**Work item**
Your answer should hold only the lines from the start of the data below through the line with "the garden, patio", copied exactly, with pictures left out.

** Opening Input records block **

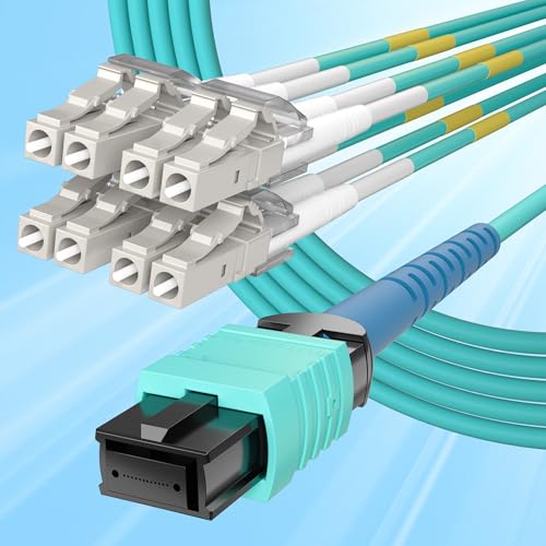 10Gtek 光ファイバーケーブル。MPO-8X LCファンアウト、OM3 MMF 8コア、QSFP+トランシーバー用。長さ1m/3.3フィート、ブレイクアウト0.5mで高性能通信を実現。
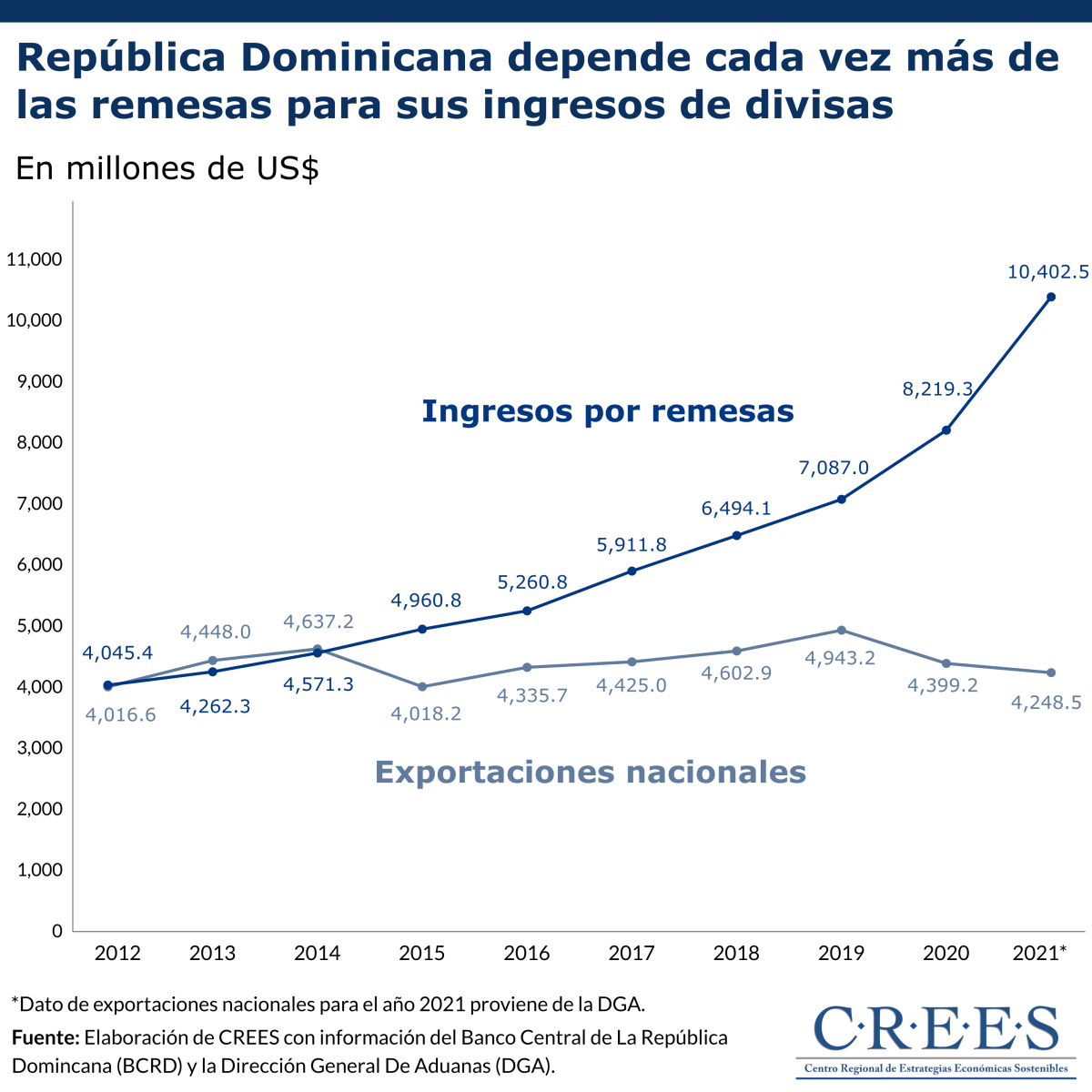 Una comparación entre la evolución de las exportaciones nacionales (incluyendo exportaciones nacionales no minerales) y los ingresos por remesas familiares nos muestra como la generación de divisas del país se vuelve cada vez más dependiente de la recepción de remesas de la diáspora dominicana en el mundo, y no de la comercialización con el mundo de bienes producidos localmente.
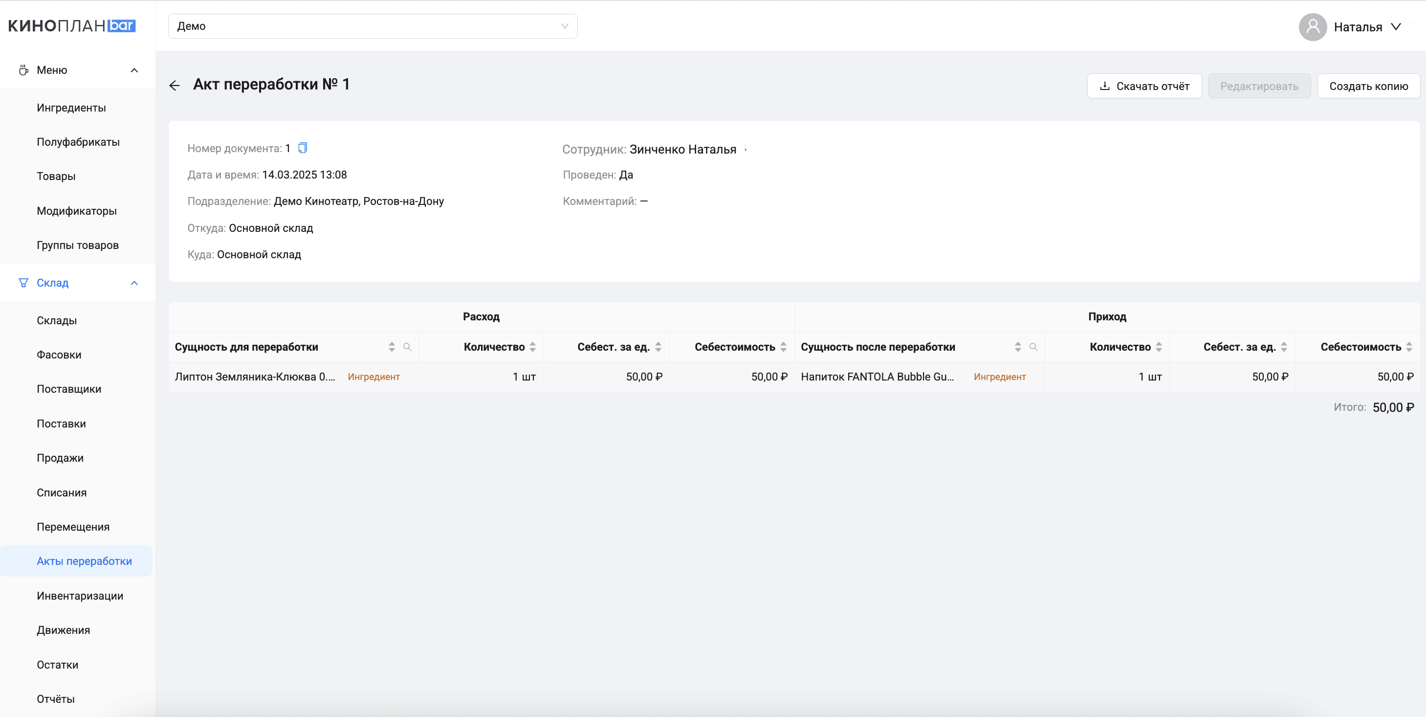 Чтобы после изменения состава и количества ингредиентов для акта переработки появились остатки и актуальная себестоимость, нажмите кнопку Обновить себестоимость и остатки.
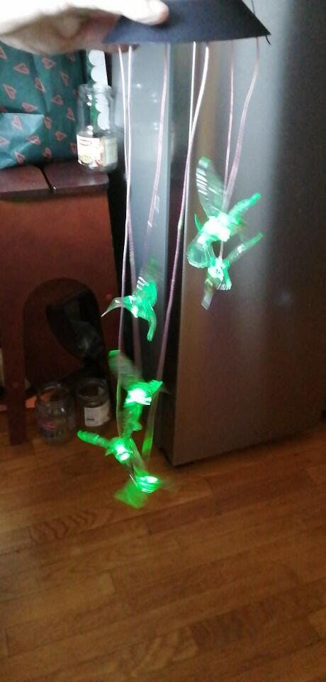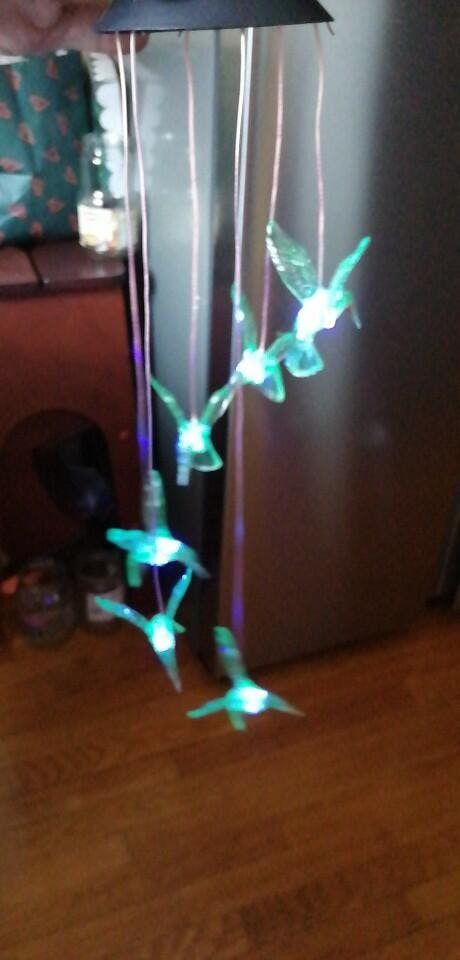 【Hummingbird Solar Wind Chimes】 Keep switched on, the LED solar wind chime will auto charge under direct sunshine. At night, it will Change colors randomly between Red, Green, Orange, Blue, Yellow, Purple. Which can create a mysterious, magical, and spook atmosphere for outdoor decor. It's a great holiday decorative light for the garden, patio
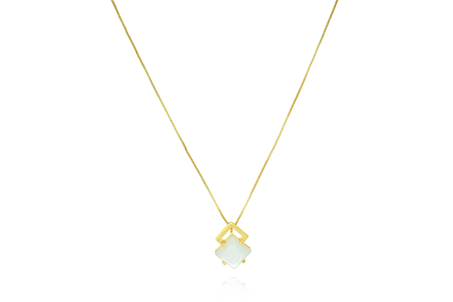 GARGANTILHA BANHADA EM OURO, CRISTAL FUSION RETANGULAR 10x8mm, ELO 1,50mm LARGURA, 40cm COMPRIMENTO E EXTENSOR 10cm COMPRIMENTO
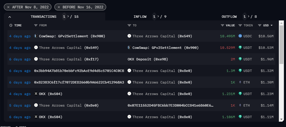 Large movements of Ethereum (ETH), USDT, and USDC can be seen in the image above, transacting between Nov. 9 and Nov. 11. A total of over $20 million in the three crypto assets was moved through OKX and CowSwap during the six-day period.
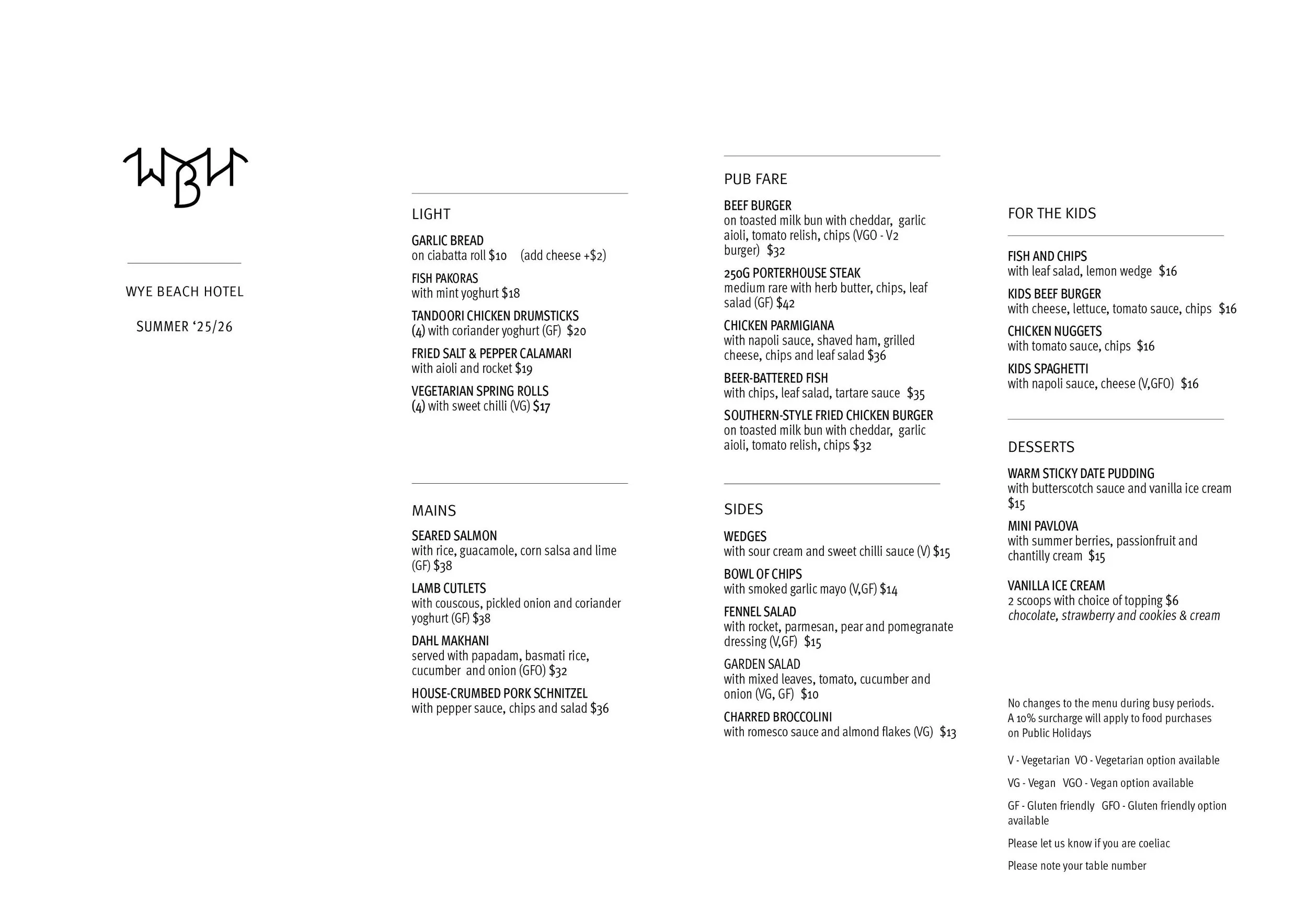 Large groups - we don’t accept bookings regardless of group size. For groups of more than 30 people, please email us so we can advise of best arrival time. info@wyebeachhotel.com.au

** Closing Input records block **

**Solution for this problem**
 10Gtek 光ファイバーケーブル。MPO-8X LCファンアウト、OM3 MMF 8コア、QSFP+トランシーバー用。長さ1m/3.3フィート、ブレイクアウト0.5mで高性能通信を実現。
 Una comparación entre la evolución de las exportaciones nacionales (incluyendo exportaciones nacionales no minerales) y los ingresos por remesas familiares nos muestra como la generación de divisas del país se vuelve cada vez más dependiente de la recepción de remesas de la diáspora dominicana en el mundo, y no de la comercialización con el mundo de bienes producidos localmente.
 Чтобы после изменения состава и количества ингредиентов для акта переработки появились остатки и актуальная себестоимость, нажмите кнопку Обновить себестоимость и остатки.
 【Hummingbird Solar Wind Chimes】 Keep switched on, the LED solar wind chime will auto charge under direct sunshine. At night, it will Change colors randomly between Red, Green, Orange, Blue, Yellow, Purple. Which can create a mysterious, magical, and spook atmosphere for outdoor decor. It's a great holiday decorative light for the garden, patio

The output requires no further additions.